Balloons and the Politics of Joy

By Ingrid Fetell Lee

TheAestheticsOfJoy Balloons Overview1

Whew. It’s been an intensely political few weeks, and I’ve been finding it hard to keep from reading all the news alerts the minute they pop up on my phone.

He said what??

They did that??

Who hacked whom??

It has been alternately shocking and inspiring, distressing and uplifting. An emotion-filled roller coaster, whatever your politics. (I’ll keep my personal views out of it, except to say that watching the first female presidential nominee in America claim her nomination was meaningful to me in a way I couldn’t have anticipated. I think this tweet summed it up best.) But I don’t think anyone quite realized how amped up we all were until those balloons started falling.

They’re just balloons, people! Just pockets of rubber filled with air. But falling ten-thousand strong from the ceiling of the Philadelphia Convention Center, they were an inexorable wave of joy. Watching it on the livestream, it felt like a joyful kind of snow. Red, white, and blue orbs mixed with confetti, drifting slowly downwards onto the jubilant crowd below.

Suddenly, the tweets streaming into my feed weren’t about policy or who put who in their place or who said WHAT?! It was a collective outpouring of elation, as photos and gifs of Bill, Hillary, Tim Kaine, and others playing with balloons started pinging around the web. Suddenly, all these serious politicians were playing like kids.

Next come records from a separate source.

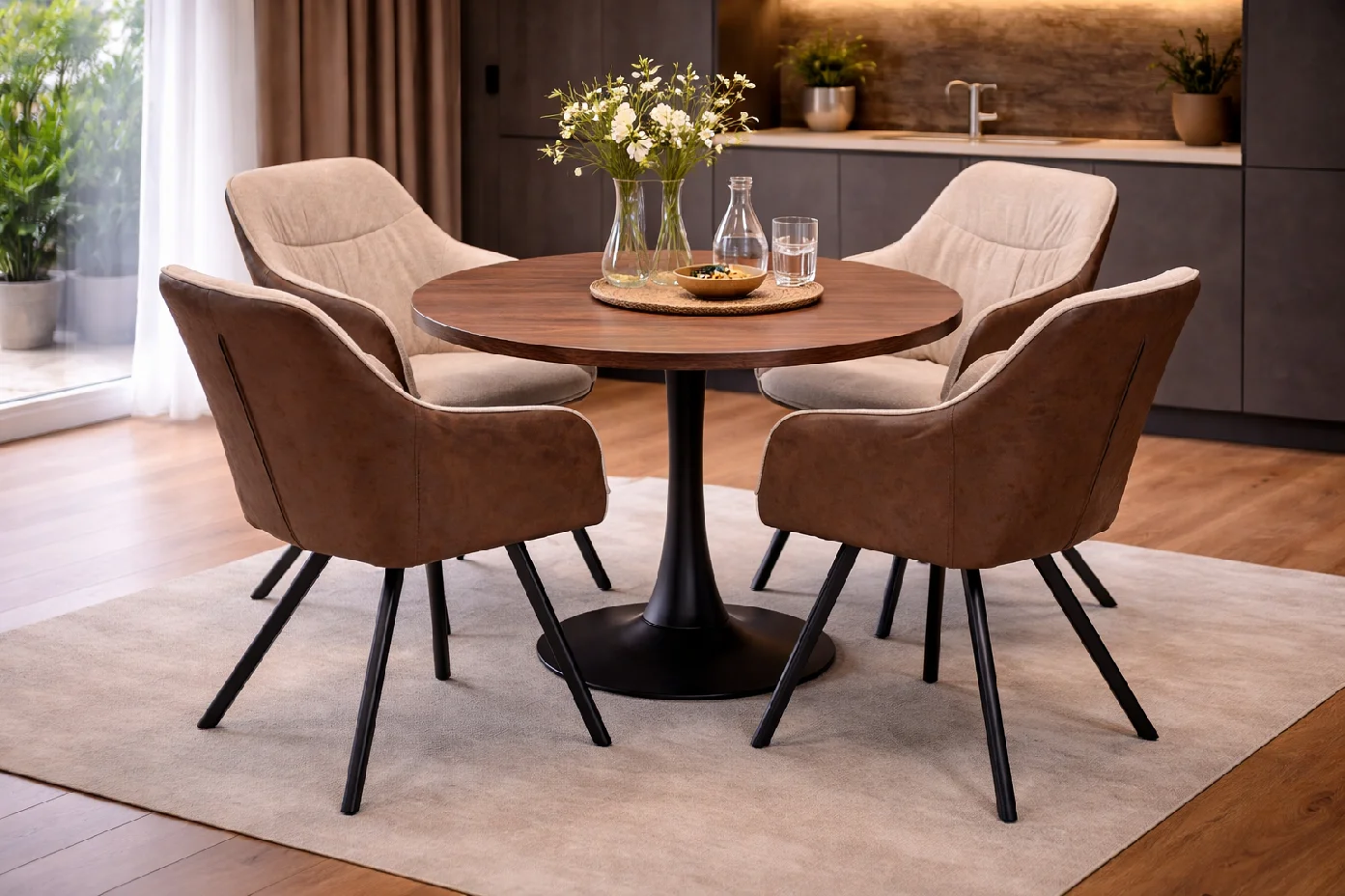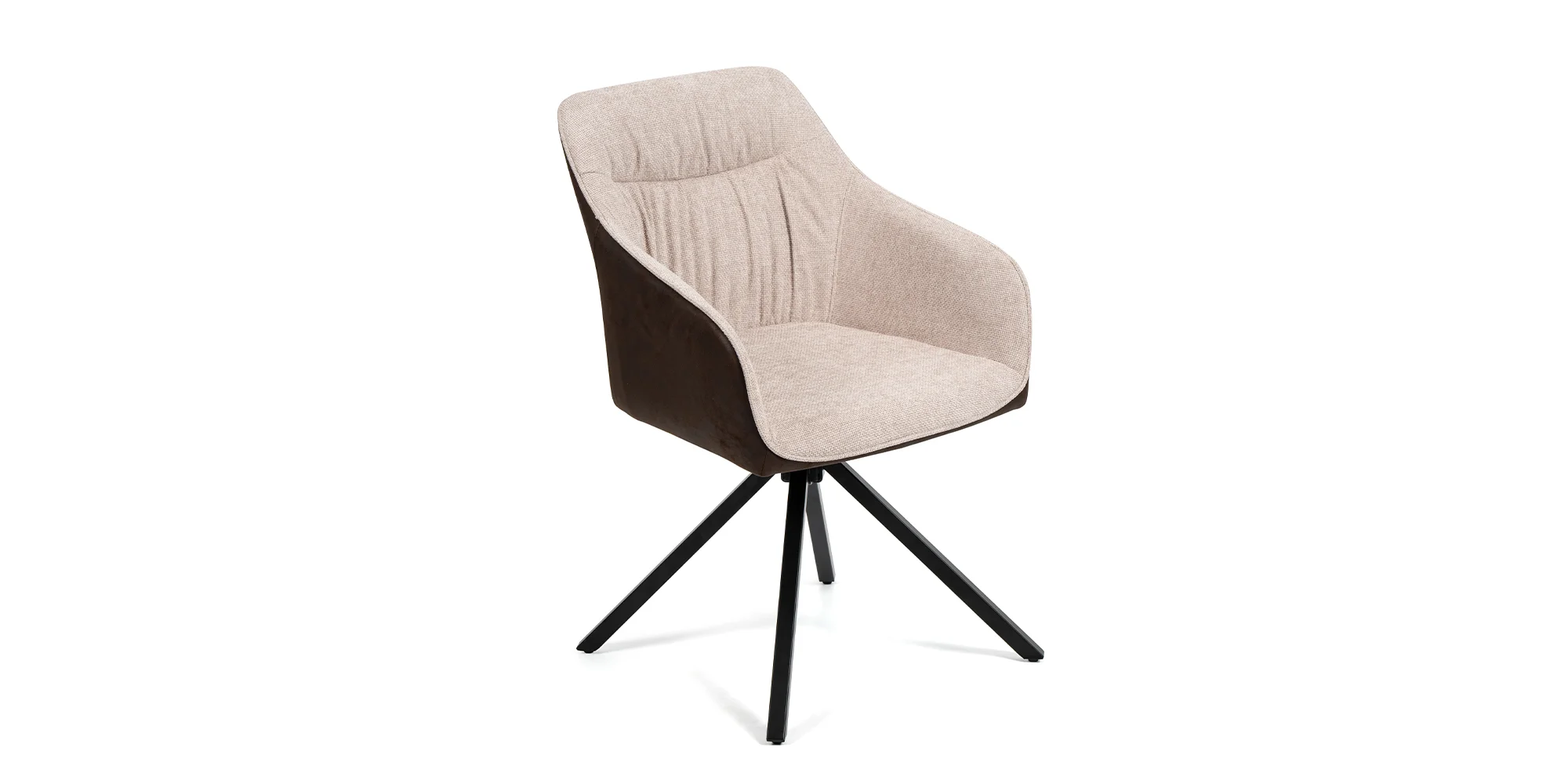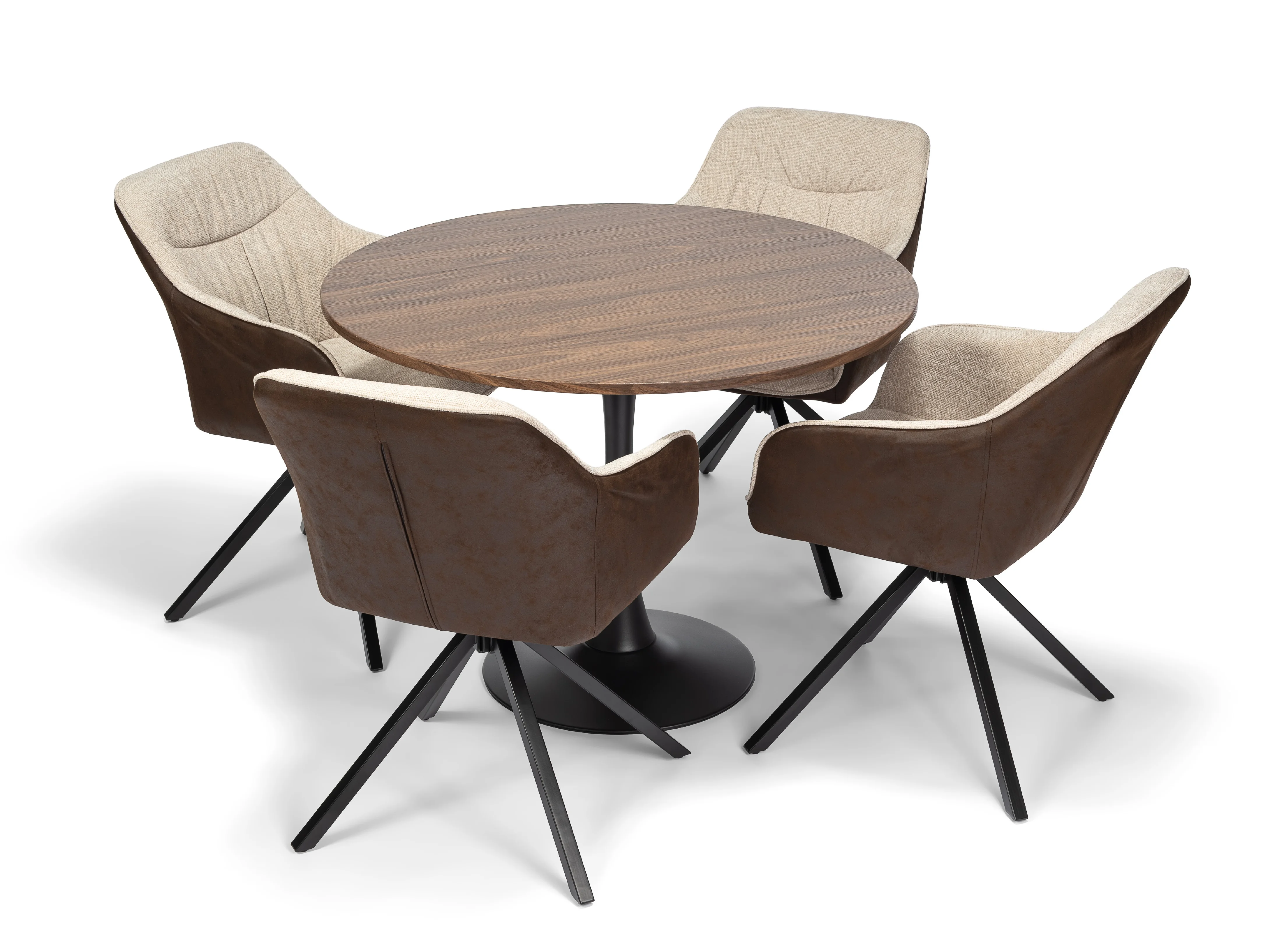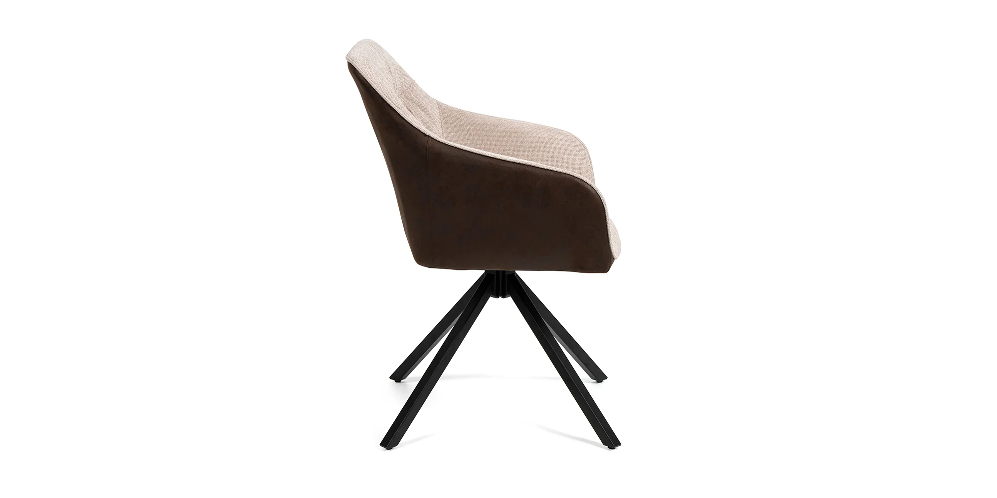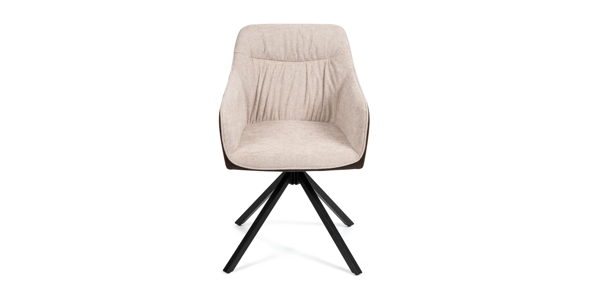 Židle kombinují jemnou textilii v béžovém odstínu s vnější stranou v teplém hnědém dekoru, což vytváří sofistikovaný kontrast. Ergonomicky tvarované opěradlo a měkké čalounění zajišťují komfort, který oceníte při každém posezení – ať už jde o rychlou snídani nebo dlouhou večeři s přáteli.
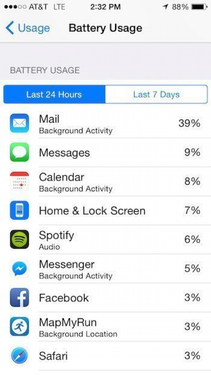 Apple no ha creado una batería invencible para su nuevo móvil, pero sí que ha incluido una forma de monitorear la vida de la batería de tu móvil. Con iOS8, puedes ver detalladamente el desglose de qué apps están usando más batería. Vete a Ajustes > General > Uso> Uso de la batería. Ahí, puedes encontrar qué aplicaciones han estado consumiendo tu batería en las últimas 24 horas o semana. Ahora cuando estés en un bar con un 4% de batería, sabrás exactamente a qué app culpar.
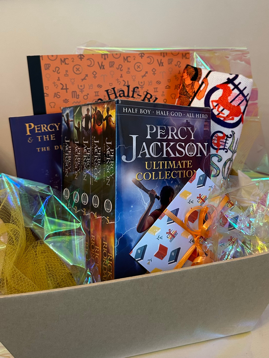 This Percy Jackson themed basket includes a $120 Barnes and Noble Gift Card, Box set of the Percy Jackson Series, The Demigod Files, a PJ canvas tote and lined notebook.
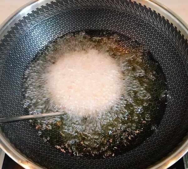 第9步、油溫6成熱放鍋中炸。
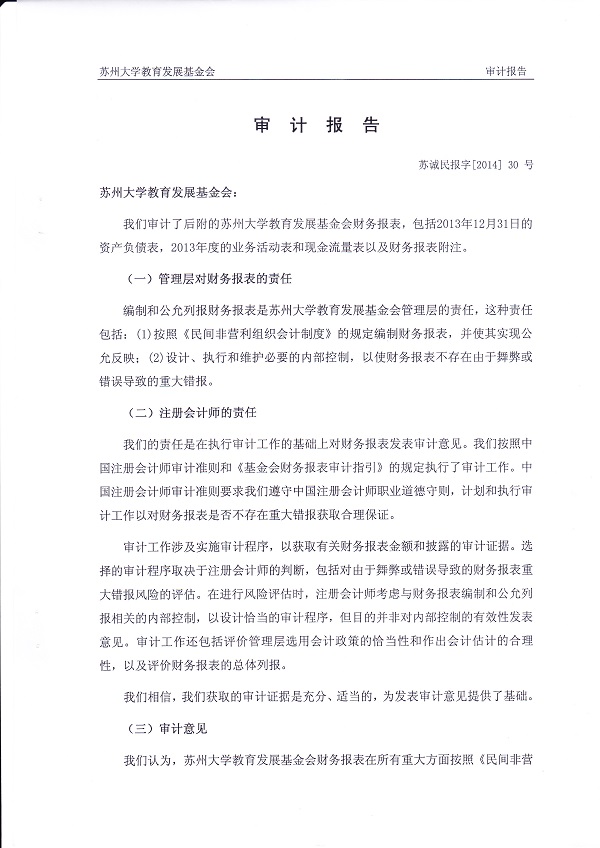 苏州大学教育发展基金会审计报告-2014

Balloons seem to have this power to bypass all our adult reserve and beckon our inner children to the surface. Their lightness and roundness—like so many other childhood toys (think of beach balls, or bubbles, which do the same thing)—are like a primal invitation to play. It’s almost impossible not to reach out to try to catch them, swat them, or throw them when they’re falling near you. Even watching at home, there’s a pleasure to be gained just from seeing all these serious politicians behave like preschoolers (and not in the name-calling, squabbling way, but in the giggling, playful one).

Maybe it’s just reassuring to know there’s something as deep and human as joy that alive inside our leaders. That our government of, for, and by the people is helmed by people. And not just people who are capable of feeling the indignation that propels them to fight against injustice, or the courage that enables them to make the hard, awful decisions. But people who are capable of feeling joy, and sharing joy. Because in a union that will always be imperfect, joy is the most equalizing, leveling force we have, and it’s far more effective than hate.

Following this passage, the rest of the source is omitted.